:: Exercise requirements ::
Every line from the start of the records through the line with "美元指数上涨0.039%,报" is to be written out exactly; pictures are not.

-- Opening Marker --

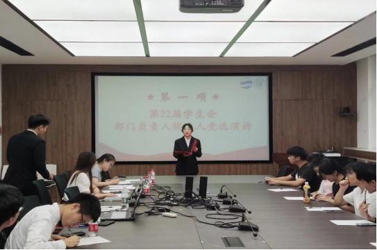 随后,第22届学生会部门负责人换届选举于2022年7月6日上午10:30,在博观楼206会议室顺利举行。院党委副书记李咏沙老师、院团委负责人史氾平老师、研究生辅导员孟丽老师和第22届太阳网集团tcy8722学生会主席团成员出席会议。
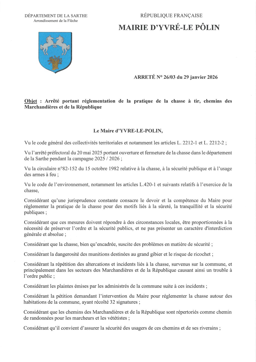 Un arrêté a été pris concernant l'utilisation interdite des armes à feux chemins de la république et des Marchandières le dimanche de 8h à 18h pendant toute la période d'ouverture de la chasse à savoir jusqu'au 28 février.
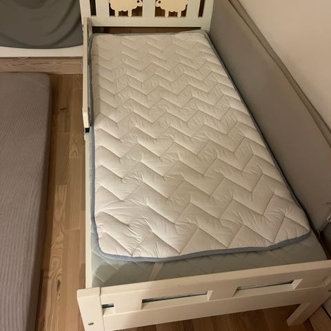 Vores datter har været utrolig glad for denne fine Songesand seng fra IKEA. Nu er hun vokset fra den, synes hun selv, da hun er blevet teenager. Madras medfølger ikke. Sengen er ca. 6 år gammel.
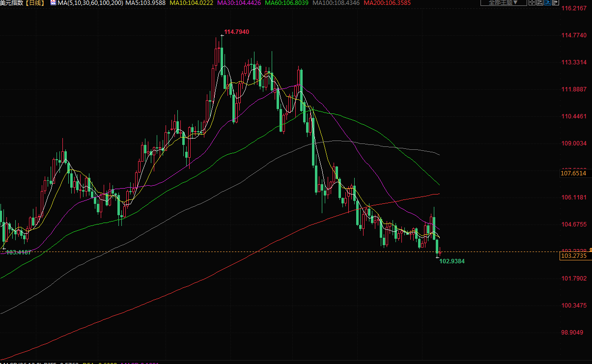 美元指数上涨0.039%,报103.21,前一交易日下跌0.7%,触及七个月最低102.93。该指数追踪美元兑一篮子货币的走势,其中欧元的权重最大。目前还不清楚美元的避险地位对后市将带来帮助还是造成伤害。
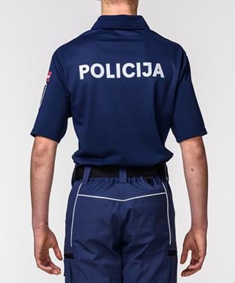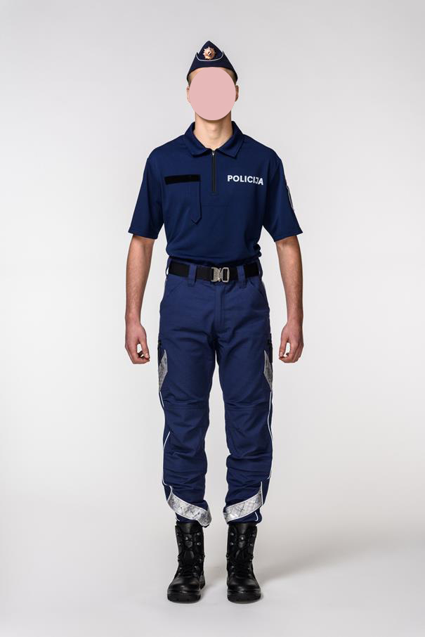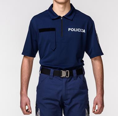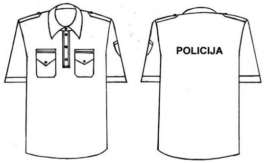 1. Polo krekls ar īsām piedurknēm – polo krekls (8. un 9. attēls) tumši zilā, pelēkā vai baltā krāsā. Priekšdaļā kreisajā pusē krūšu līmenī uzraksts "POLICIJA". Priekšdaļā labajā pusē krūšu līmenī personas identifikācijas zīme, zem tās – dienesta pakāpes zīme. Muguras daļā gaismu atstarojošs uzraksts "POLICIJA". Uz kreisās piedurknes Latvijas valsts karoga emblēma, zem tās – Valsts policijas emblēma.
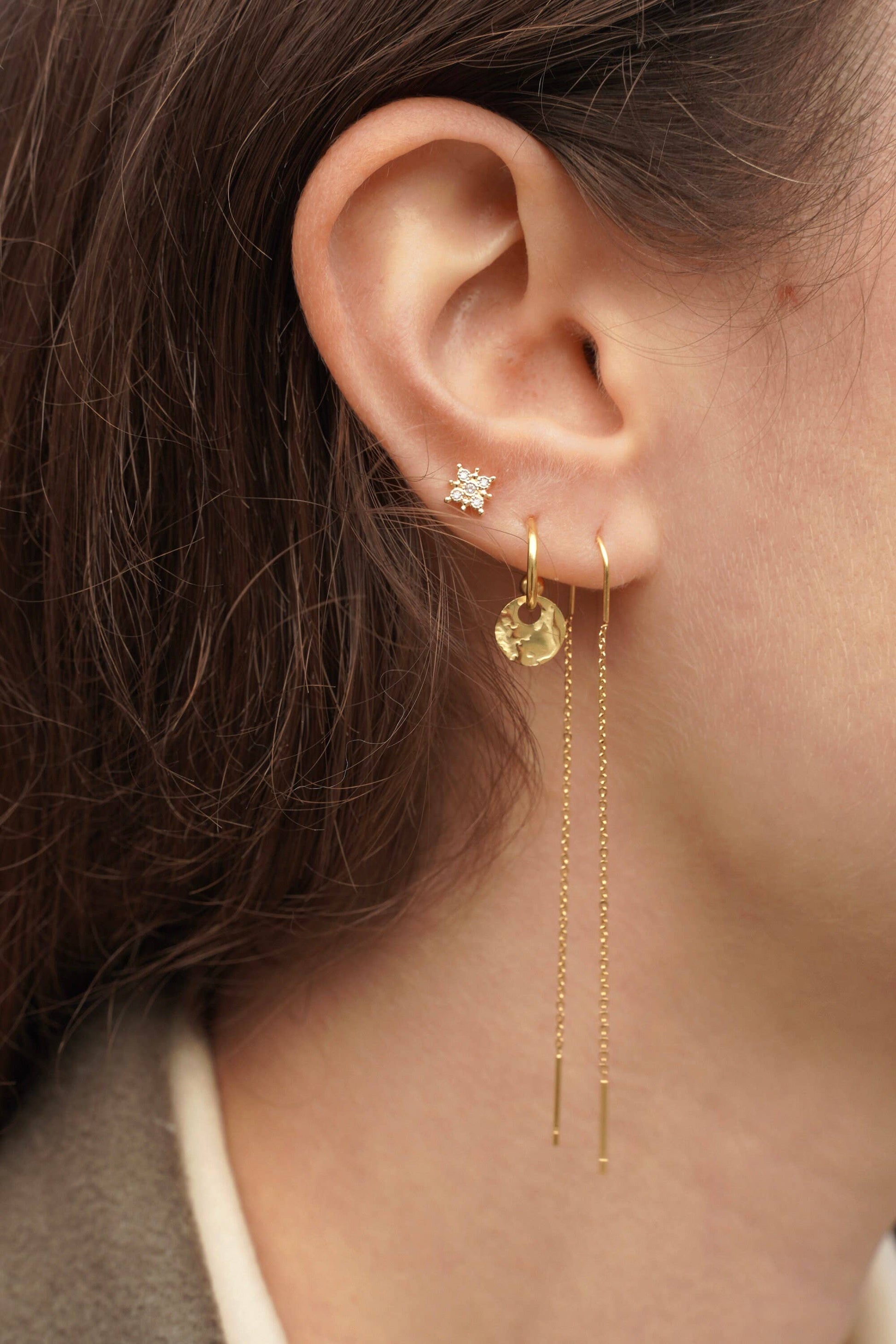 Ces petites boucles d'oreilles créoles, ornées d'un petit pendentif rond en acier inoxydable, séduisent par leur design moderne et minimaliste. Elles peuvent être combinées de nombreuses façons, aussi bien le jour que le soir.
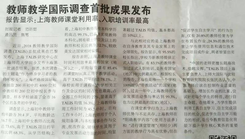 标题:教师教学国际调查首批成果发布——报告显示:上海教师课堂利用率、入职培训率最高
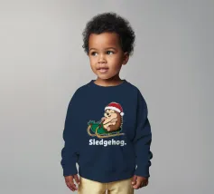 Un simpatico riccio con un cappello da Babbo Natale siede allegramente su una slitta ornata di agrifoglio. Sotto la slitta, la scritta "SLEDGEHOG" aggiunge un tocco giocoso al tema della festa.
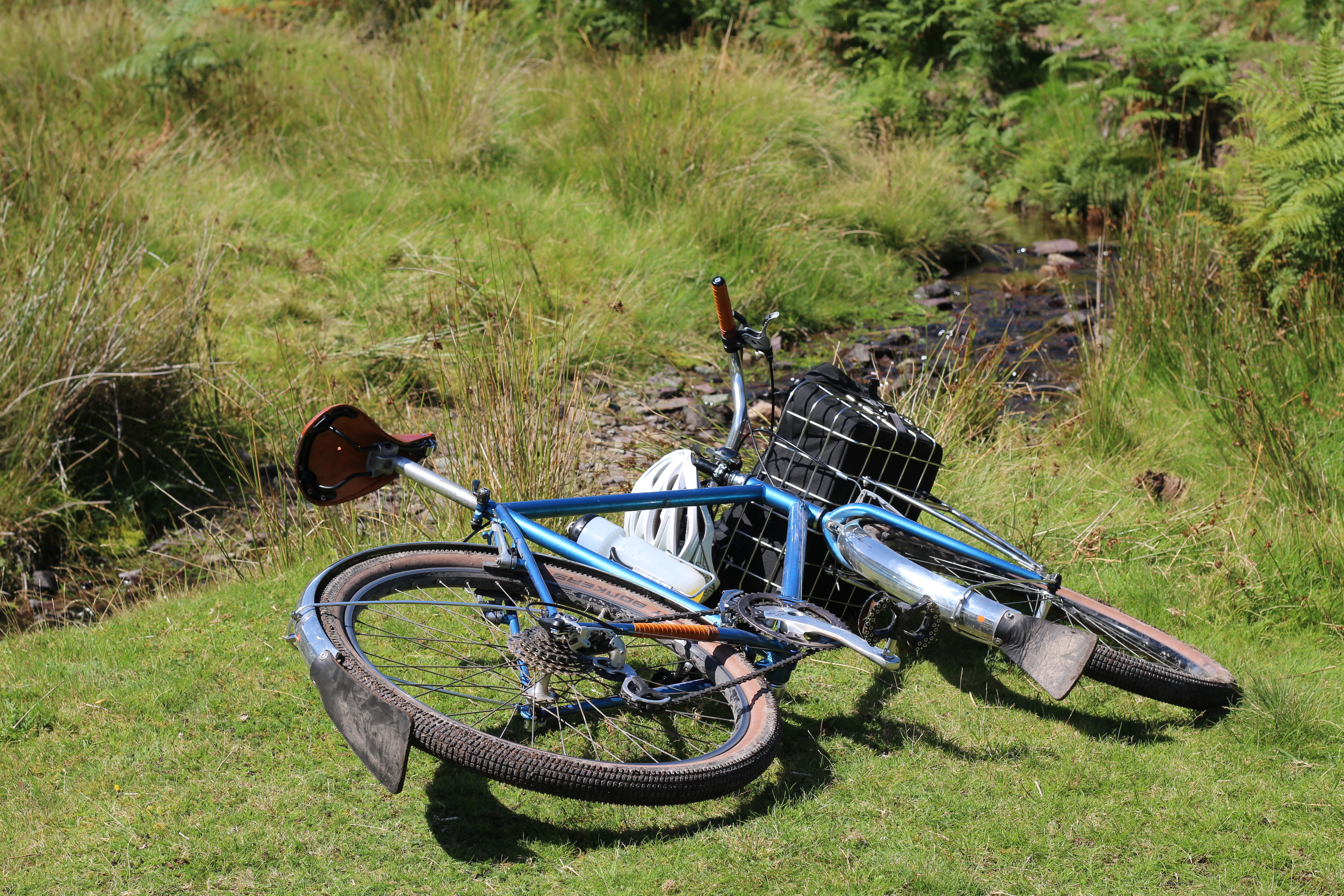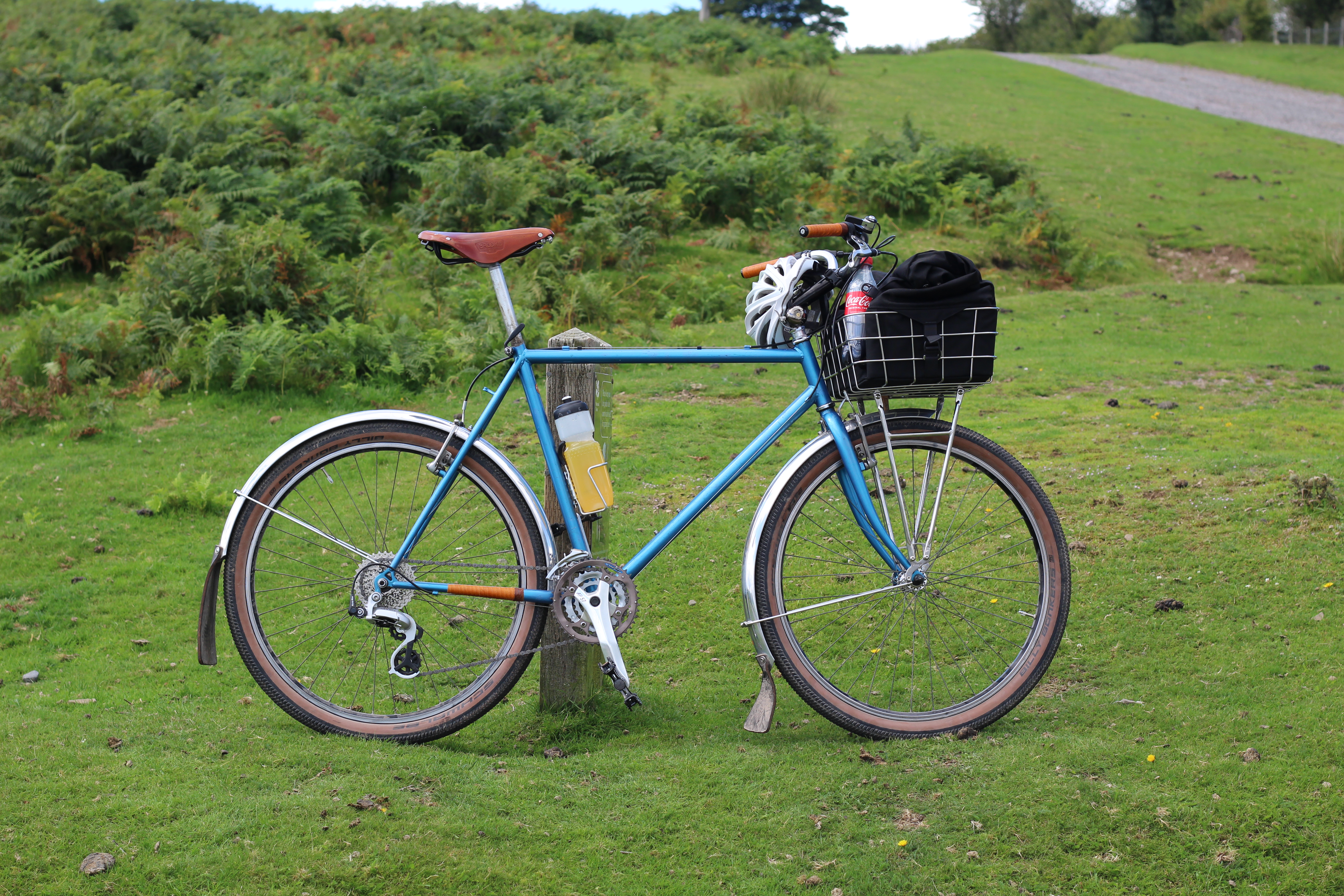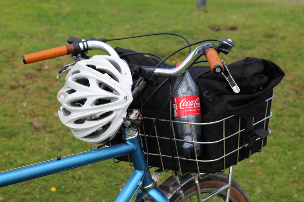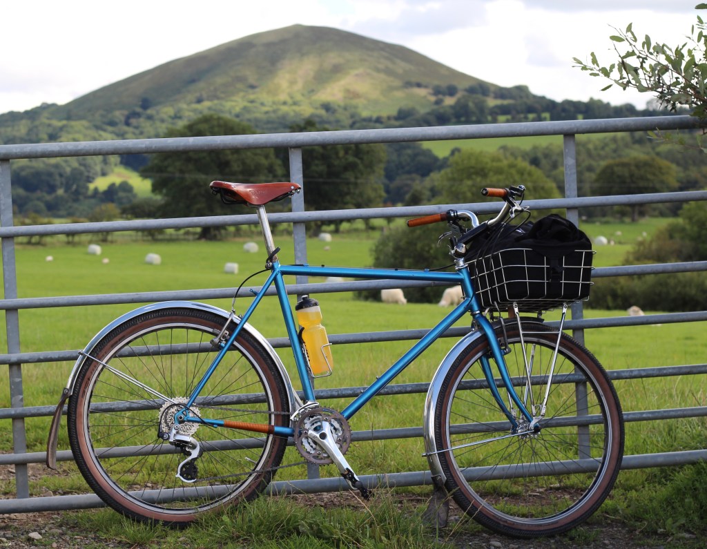 From Minton, it was quiet lanes, on through Little Stretton, and then Church Stretton, the largest village in these parts, and as a health resort in days gone by, it was referred to as Little Switzerland. The riding was very much in agreement with the cyclokairos ethos, one that is with ease, sights taken in, pedalling within the moment, nothing existing outside of the moment, as one moment dies and the next is born. “This is the bike to do The-World-tour-that-will-never-happen”, I think (of course I do, I’ve ridden for about 30 minutes not 300 days – who doesn’t feel good after half an hour of gentle pedalling?). Its features are how bikes should be: simple, practical, beautiful. Not motorbikes-in-all-but-name that mountain bikes are seemingly becoming. The comfort of skinny steel tubes and a leather saddle; the practicality of cable operated brakes and gears (which aren’t indexed but changed through friction), and mudguards (with flaps!); the look of shellacked cloth bar tape. Church Stretton reached, it was time for a pit stop at the Co-Op. An advantage of a basket soon became apparent: a readily accessible place to stuff, err, stuff, and opportunity for a shameless product promotion.
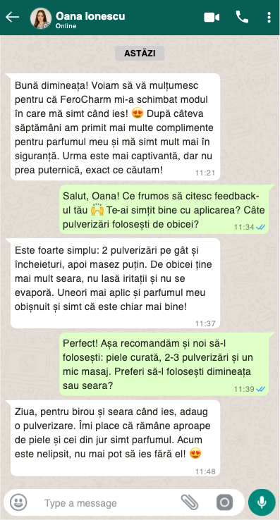 Dacă cauți un spray practic, transparent în formulă și conform cu standardele cosmetice, optează pentru FeroCharm și folosește 2-3 pulverizări pe gât și încheieturi; evaluează persistența pe pielea ta și reaplică atunci când vrei să intensifici efectul.
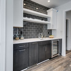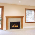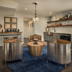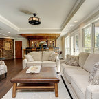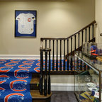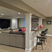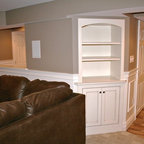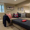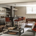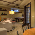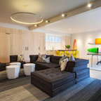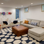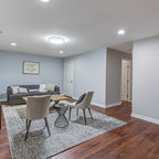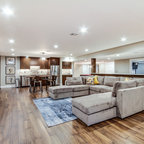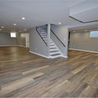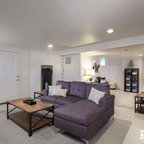 Diseño de sótano en el subsuelo tradicional renovado, grande, sin chimenea, con paredes beige, suelo laminado y suelo gris — Houzz

-- Closing Marker --

:: Response ::
 随后,第22届学生会部门负责人换届选举于2022年7月6日上午10:30,在博观楼206会议室顺利举行。院党委副书记李咏沙老师、院团委负责人史氾平老师、研究生辅导员孟丽老师和第22届太阳网集团tcy8722学生会主席团成员出席会议。
 Un arrêté a été pris concernant l'utilisation interdite des armes à feux chemins de la république et des Marchandières le dimanche de 8h à 18h pendant toute la période d'ouverture de la chasse à savoir jusqu'au 28 février.
 Vores datter har været utrolig glad for denne fine Songesand seng fra IKEA. Nu er hun vokset fra den, synes hun selv, da hun er blevet teenager. Madras medfølger ikke. Sengen er ca. 6 år gammel.
 美元指数上涨0.039%,报103.21,前一交易日下跌0.7%,触及七个月最低102.93。该指数追踪美元兑一篮子货币的走势,其中欧元的权重最大。目前还不清楚美元的避险地位对后市将带来帮助还是造成伤害。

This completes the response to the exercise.